This repository is mainly a collection of python-scripts that simplify some of the workflows when using flair:
- Preprocessing, formatting and analyzing text datasets
- Training embeddings / language models (from scratch)
- Performing Named-Entity-Recognition and Intent-Detection
- Evaluating trained models
Say you have a raw text corpus and a NER dataset from the same domain. You want to train your own flair language model in order to use it for training a NER model for your domain. Steps in that workflow include:
- Preprocess, format and analyze your corpus/datasets
- Train a custom language model (LM)
- Train an NER model (with your previously trained LM, maybe even in combination with other LMs/embeddings)
- Evaluate the performance of yout final model
The following examples assume that you are familiar with flair base classes, data types, etc. You can get started with flair tutorials here. Most parts of this workflow (with output) are illustrated as jupyter notebooks.

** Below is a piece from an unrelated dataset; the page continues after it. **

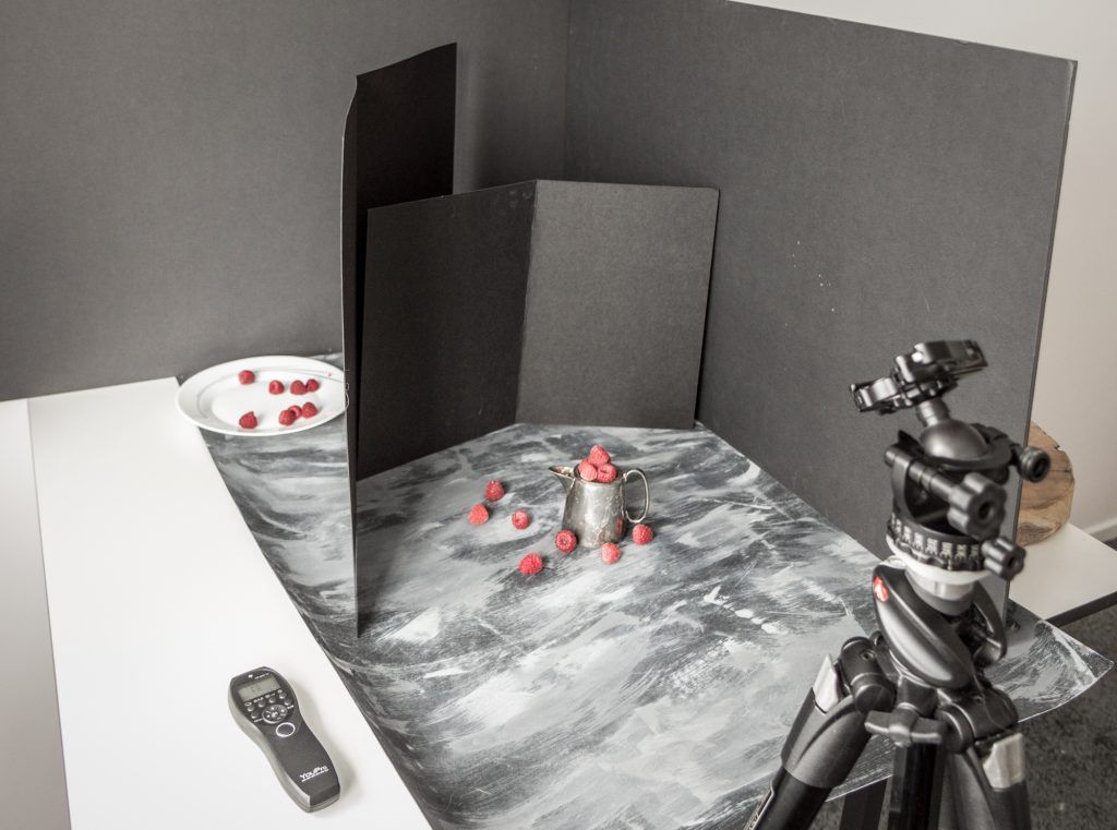The most important thing with low key is how you shape and control the light. For my food and still life photography I use black foam core sheets and black cardboard sheets of different sizes. These can act as backgrounds and backdrops – flags and reflectors to absorb light and add shadow.
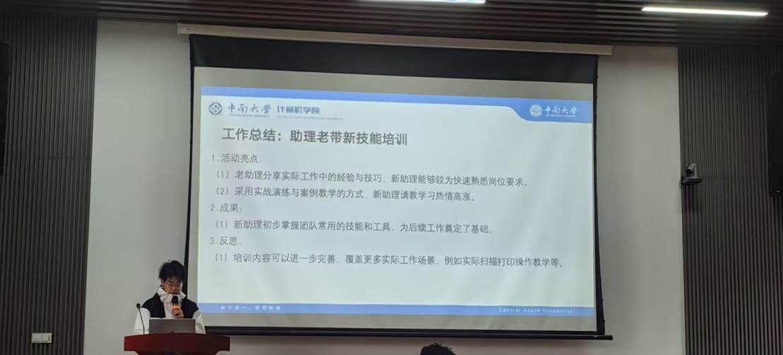 最后,学生助理团队指导老师刘烁烁老师进行总结发言。他强调助理们要持续学习助理工作手册,认真完成每一项基本工作,从日常工作中不断积累经验、提升能力,为团队的发展贡献自己的力量。

e.g. clean, replace umlaute, remove accents and puntuaction tokens
$ cd scripts/language_modeling
$ python preprocess_corpus.py -cuap /path/to/corpus/ /path/to/corpus_proc/
E.g. create a corpus folder from a plain text file using 97% as training-, 1% as validation and 2% as test set. Split training set into 20 parts
$ cd scripts/language_modeling
$ python make_corpus_folder.py /path/to/corpus/ /path/to/corpus/folder/ -p 97-1-2 -s 20
E.g. create a column corpus folder (NER) from a column file using 70% as training-, 20% as validation and 10% as test set. Shuffle lines
$ cd scripts/named_entity_recognition
$ python make_nercorpus_folder.py /path/to/ner_dataset /path/to/destination/ -p 70-20-10 --shuffle
Analyze text corpus: lines, tokens, etc.; most common tokens; wordcloud
from modules.corpus_analysis import TextAnalysis
ta = TextAnalysis(path/to/corpus)
print(ta.obtain_statistics())
print(ta.most_common_tokens(nr_tokens=15, stop_words=['the', 'is',...]))
ta.wordcloud(stop_words=[], savefig_file=None, figsize = ((15,15)))
Analyze a ColumnCorpus (NER): tags/tokens stats; most common tokens; wordcloud; visualize sentences, tag distribution, most common tokens per tags
from modules.corpus_analysis import ColumnCorpusAnalysis
columns = {0: 'text', 1: 'ner', 2: 'pos'}
cca = ColumnCorpusAnalysis(path=path/to/corpus_folder, columns=columns, tag_types=['ner', 'pos'])
print(cca.obtain_statistics(tag_type='ner'))
print(cca.most_common_tokens(nr_tokens=20, stop_words=stopwords.words('german')))
cca.wordcloud(savefig_file=None, figsize = ((15,15))
cca.visualize_ner_tags(display_index=range(5))
cca.tag_distribution(savefig_file=None, tag_type='ner', figsize=(13, 10))
cca.most_common_tokens_per_tags(max_tokens=10, tag_type='ner', print_without_count=True)
First, set parameters (epochs, learning rate, etc.) in a special file (e.g. options_lm.json). Then:
$ cd scripts/language_modeling
$ python train_lm_flair.py -c /path/to/corpus/ -t /path/to/model/folder/ -o options_lm.json [--continue_training]
Again, set parameters in a options-file. Say, you have trained a forward and a backwards LM stored in fwd-lm.pt and bwd-lm.pt, then:
$ cd scripts/named_entity_recognition
$ python train_ner_flair.py -c /path/to/corpus/ -t /path/to/model/folder/ -o options_ner_flair [--continue_training] [--tensorboard] -e fwd-lm.pt bwd-lm.pt
It will use a stacked combination of all embeddings you specify after te flag -e.
Predictions; Precision, Recall, F1 scores (total/ for each tag) as table and as plot; training curves, weights, etc.
from modules.model_evaluation import SequenceTaggerEvaluation
ste = SequenceTaggerEvaluation(path/to/model/folder/, model='best-model.pt')
text = "Lorem Ipsum ..."
sentences = SequenceTaggerEvaluation._preprocess(text)
ste.predict(sentences)
ste.result_tables()
ste.plot_tag_stats(mode='tp_fn',...)
ste.plot_training_curves()
ste.plot_weights()
ste.plot_learning_rate()
The code in this repository was used for the thesis: "Effects of different Word Embeddings on the Performance of Intent Detection and Named Entity Recognition for German texts" (Parikh, 2019).